__EXERCISE DESCRIPTION__. Write out the data again exactly, skipping every picture.

__EXTRACTED RECORDS__.
==================================================

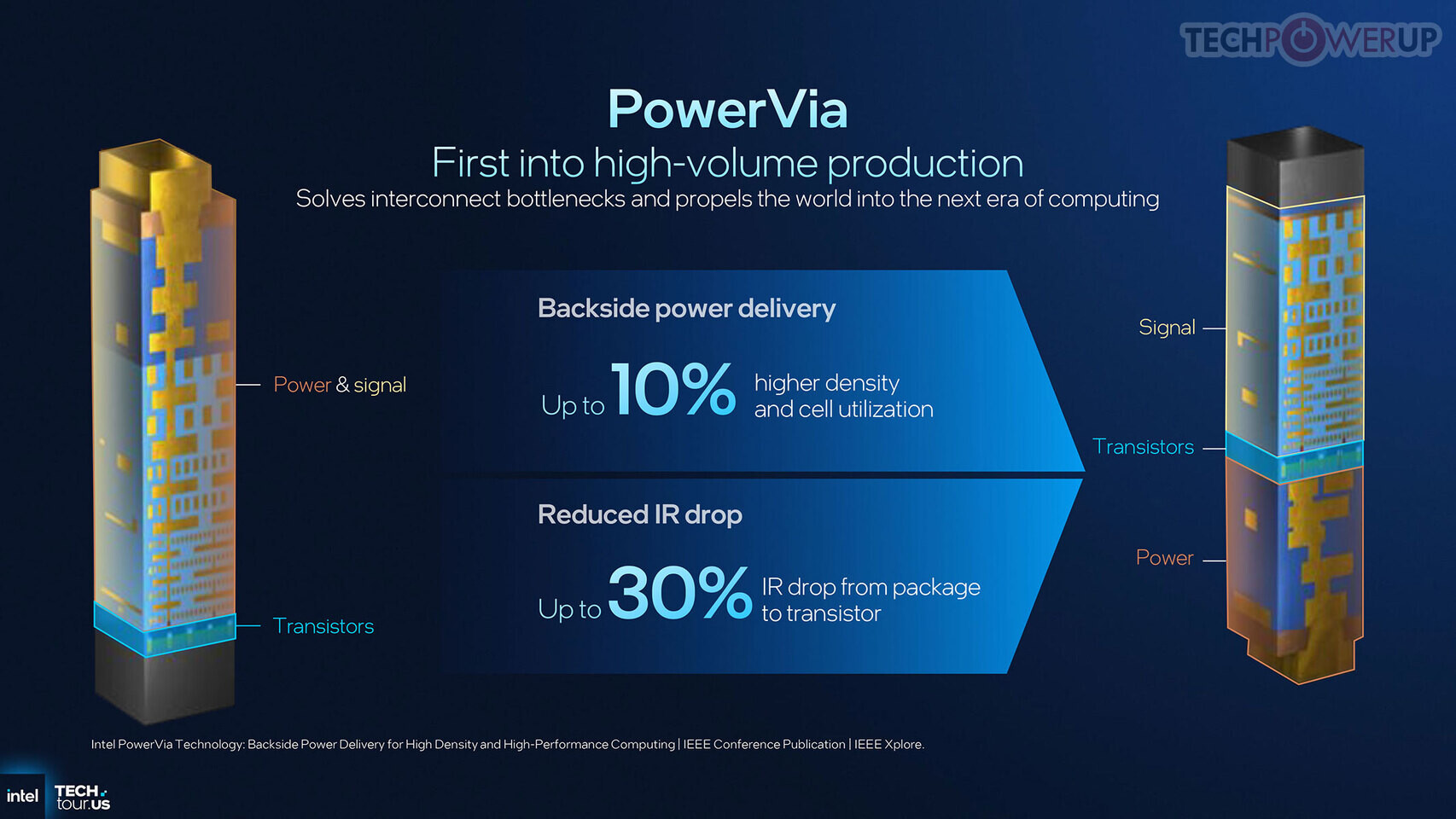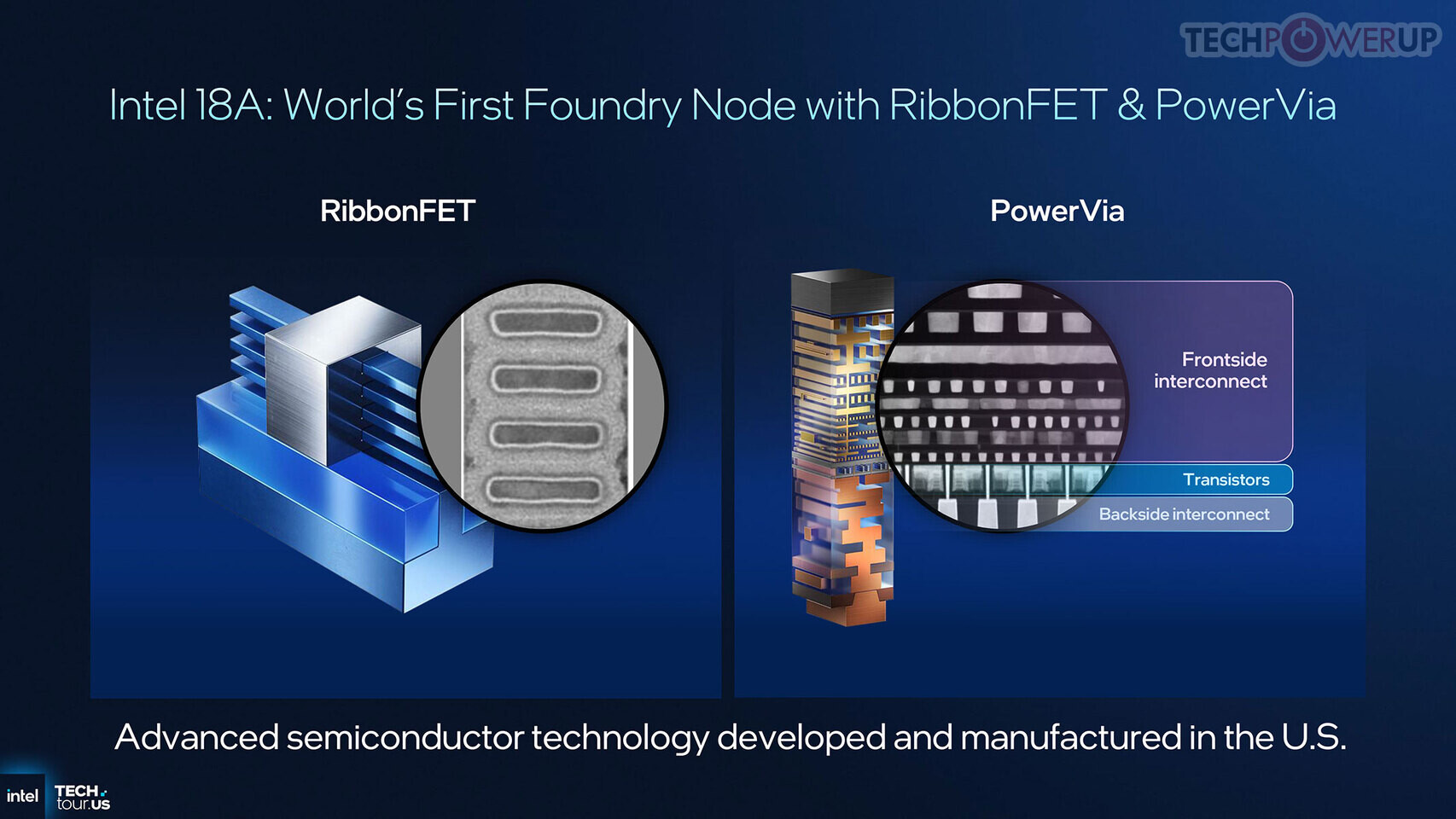 在晶体管层面,18A引入了两项重要创新:RibbonFET全环绕栅极晶体管与PowerVia背面供电技术。RibbonFET用水平硅带替代传统垂直FinFET鳍片,并由栅极材料包裹,从而提升静电控制、降低泄漏电流,并缩短栅极长度。英特尔表示,从FinFET过渡至18A的RibbonFET后,栅极长度缩短约5-10%,且每只晶体管的功耗降低超20%。PowerVia则将电源网络转移至晶圆背面,释放前端金属层用于信号布线,缩短供电路径,减少高切换频率下的电压降。这些创新共同降低了切换能耗,并为设计师带来更高的频率或更低的功耗空间,尤其适合笔记本及移动产品。
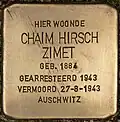 - ↑ Joods Monument: Chaim Hirsch Zimet. Gearchiveerd op 23 maart 2023.
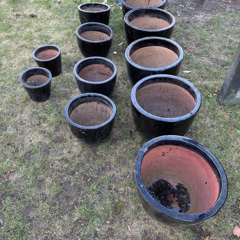 Sæt med lysegrå havekrukker i keramik/ler. Krukkerne har forskellige størrelser og former, både firkantede og runde modeller. De egner sig til udendørs brug i have, på terrasse eller altan til beplantning af buske, blomster eller mindre træer. Indersiden er brændt ler, ydersiden er lys og mat. Sælges samlet som sæt.
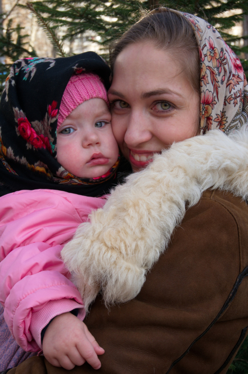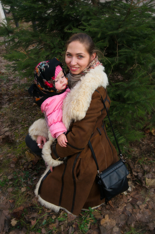 Трендом нашего образа стало Объемное меховое пальто ниже колена, а также трикотажное мини платье. Образ я могу описать, как русский стиль, потому дополнили мы его павлово-посадскими платочками, сапожками и сумкой в цвет, имитация валеночек на дочке, изюминкой стали сережки в виде матрешек.
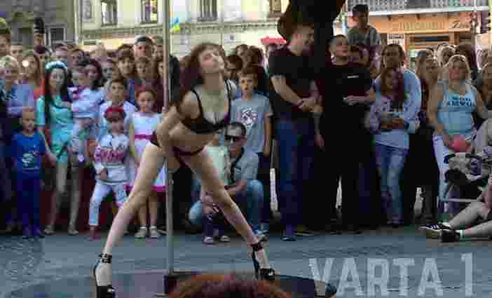 Вчора, 24 серпня, у День незалежності України на площі Галицькій у Львові, біля пам’ятника Данилу Галицькому, один з львівських клубів організував показові виступи танцівниць у стилі пол-денс – танці на пілоні. Про це ZAXID.NET розповіли у прес-службі патрульної поліції Львова.

==================================================

__COMPLETED TASK__.
 在晶体管层面,18A引入了两项重要创新:RibbonFET全环绕栅极晶体管与PowerVia背面供电技术。RibbonFET用水平硅带替代传统垂直FinFET鳍片,并由栅极材料包裹,从而提升静电控制、降低泄漏电流,并缩短栅极长度。英特尔表示,从FinFET过渡至18A的RibbonFET后,栅极长度缩短约5-10%,且每只晶体管的功耗降低超20%。PowerVia则将电源网络转移至晶圆背面,释放前端金属层用于信号布线,缩短供电路径,减少高切换频率下的电压降。这些创新共同降低了切换能耗,并为设计师带来更高的频率或更低的功耗空间,尤其适合笔记本及移动产品。
 - ↑ Joods Monument: Chaim Hirsch Zimet. Gearchiveerd op 23 maart 2023.
 Sæt med lysegrå havekrukker i keramik/ler. Krukkerne har forskellige størrelser og former, både firkantede og runde modeller. De egner sig til udendørs brug i have, på terrasse eller altan til beplantning af buske, blomster eller mindre træer. Indersiden er brændt ler, ydersiden er lys og mat. Sælges samlet som sæt.
 Трендом нашего образа стало Объемное меховое пальто ниже колена, а также трикотажное мини платье. Образ я могу описать, как русский стиль, потому дополнили мы его павлово-посадскими платочками, сапожками и сумкой в цвет, имитация валеночек на дочке, изюминкой стали сережки в виде матрешек.
 Вчора, 24 серпня, у День незалежності України на площі Галицькій у Львові, біля пам’ятника Данилу Галицькому, один з львівських клубів організував показові виступи танцівниць у стилі пол-денс – танці на пілоні. Про це ZAXID.NET розповіли у прес-службі патрульної поліції Львова.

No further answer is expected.